When writes take place, OneFS divides data out into atomic units called protection groups. Redundancy is built into protection groups, such that if every protection group is safe, then the entire file is safe. For files protected by FEC, a protection group consists of a series of data blocks as well as a set of parity blocks for reconstruction of the data blocks in the event of drive or node failure. For mirrored files, a protection group consists of all of the mirrors of a set of blocks.

OneFS is capable of switching the type of protection group used in a file dynamically, as it is writing. This allows the cluster to continue without blocking in situations when temporary node failure prevents the desired level of parity protection from being applied. In this case, mirroring can be used temporarily to allow writes to continue. When nodes are restored to the cluster, these mirrored protection groups are automatically converted back to FEC protected.

During a write, data is broken into stripe units and these are spread across multiple nodes as a protection group. As data is being laid out across the cluster, erasure codes or mirrors, as required, are distributed within each protection group to ensure that files are protected at all times.

One of the key functions of the OneFS AutoBalance job is to reallocate and balance data and, where possible, make storage space more usable and efficient. In most cases, the stripe width of larger files can be increased to take advantage of new free space, as nodes are added, and to make the on-disk layout more efficient.

The initiator top half of the ‘captain’ node uses a modified two-phase commit (2PC) transaction to safely distribute writes across the cluster, as follows:

Every node that owns blocks in a particular write operation is involved in a two-phase commit mechanism, which relies on NVRAM for journaling all the transactions that are occurring across every node in the storage cluster. Using multiple nodes’ NVRAM in parallel allows for high-throughput writes, while maintaining data safety against all manner of failure conditions, including power failures. In the event that a node should fail mid-transaction, the transaction is restarted instantly without that node involved. When the node returns, it simply replays its journal from NVRAM.

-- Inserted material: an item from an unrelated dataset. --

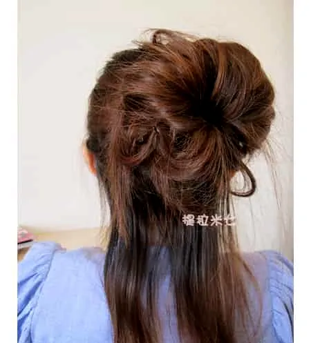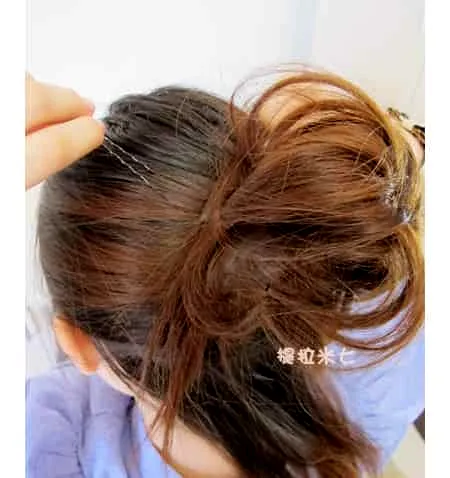 step4、花苞夹好的效果就是这样啦,越蓬松越好看哦!但是头发千万不能散哟。

In a write operation, the initiator also orchestrates the layout of data and metadata, the creation of erasure codes, and lock management and permissions control. OneFS can also optimize layout decisions made by to better suit the workflow. These access patterns, which can be configured at a per-file or directory level, include:

  • Concurrency: Optimizes for current load on the cluster, featuring many simultaneous clients.
  • Streaming:  Optimizes for high-speed streaming of a single file, for example to enable very fast reading with a single client.
  • Random:  Optimizes for unpredictable access to the file, by adjusting striping and disabling the use of prefetch.